Tibieza es una de esas hermosas palabras
que casi. Casi se hacen materia. Casi se convierten en lo que
nombran. Esa es la desgracia del lenguaje: que como mucho es un casi.
Antes de dormirme he empezado un libro de Desmond Morris llamado
Comportamiento íntimo. Una clave de su prólogo: “Con
frecuencia hablamos de cómo hablamos, y a menudo tratamos de ver
cómo vemos; pero, por alguna rara razón, raras veces tocamos el
tema de cómo tocamos”. Si una frase así casi no te
toca, es que de bebé sufriste terribles malos tratos. Si tu
desarrollo fue normal, puedes intuirla: la añoranza profunda de
tocar y de que el calor de otro te envuelva.
Según lo poco que llevo leído, conforme
la niñez avanza la experiencia de estar íntimamente ligado al
cuerpo materno a través del tacto se va diluyendo poco a poco y se
ve reemplazada por contactos que primero son visuales y más tarde
verbales. El contacto físico se veta. Las manos se quedan frías.

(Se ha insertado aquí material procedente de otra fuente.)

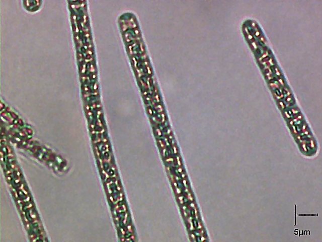 (EN) : Several straight trichomes, which do not possess specialized cells such as heterocysts and akinetes, but are phototactic and their cells contain gas vacuoles, called protoplasts, that play an important role in their buoyancy.

Aprendemos a entender intuitivamente los gestos del otro, cambiamos
abrazos por pucheros y sonrisas, y al final, al cabo de unos cuantos
balbuceos que a lo mejor sólo expresan desamparo, hablamos. Las
caras que se leen y las palabras que se dicen son sucedáneos de
aquella primera tibieza perdida.
Por eso me acurruco bajo la manta y
encapsulo mi propio calor entre mis rodillas y mis brazos, con una
nostalgia mucho más vieja que toda lectura. Me acuerdo entonces de
mi tía. A veces lo único que parecía atarla a la vida eran los
instantes fugaces en que se conectaba a algún enchufe de calor
humano, según las palabras que usaba. Cuando nos echábamos a la
siesta juntas, se me agarraba por la espalda y ya no me soltaba. A mí
me empezaba a hormiguear todo el cuerpo. En esos momentos le cogía
tirria por tenerme así de atrapada. La juventud es inclemente en su
propio egoísmo. Daría lo que fuera por que volviera a enchufárseme.
Y daría lo que fuera por que aquel
proceso de maduración pudiera invertirse. Que las palabras que
escribo y digo se volvieran calientes e íntimas. Que el lenguaje
dejase de ser como mucho un casi. Que la tibieza no se disipara.
Sí... Hemos dejado de tocarnos. Yo no recuerdo cómo era. Pero siento la carencia del mismo modo. Cómo se va a echar de menos lo que nunca sucedió, pero sí. Y luego soy un bicho palo cuando alguien se acerca. Pero ay... si decide aceptar mi incomodidad, mi rigidez, si no tiene prisa y deja que pase ese nanosegundo entre la piedra y el bálsamo de aceite, estoy. Tan deseosa de ser tocada como de tocar.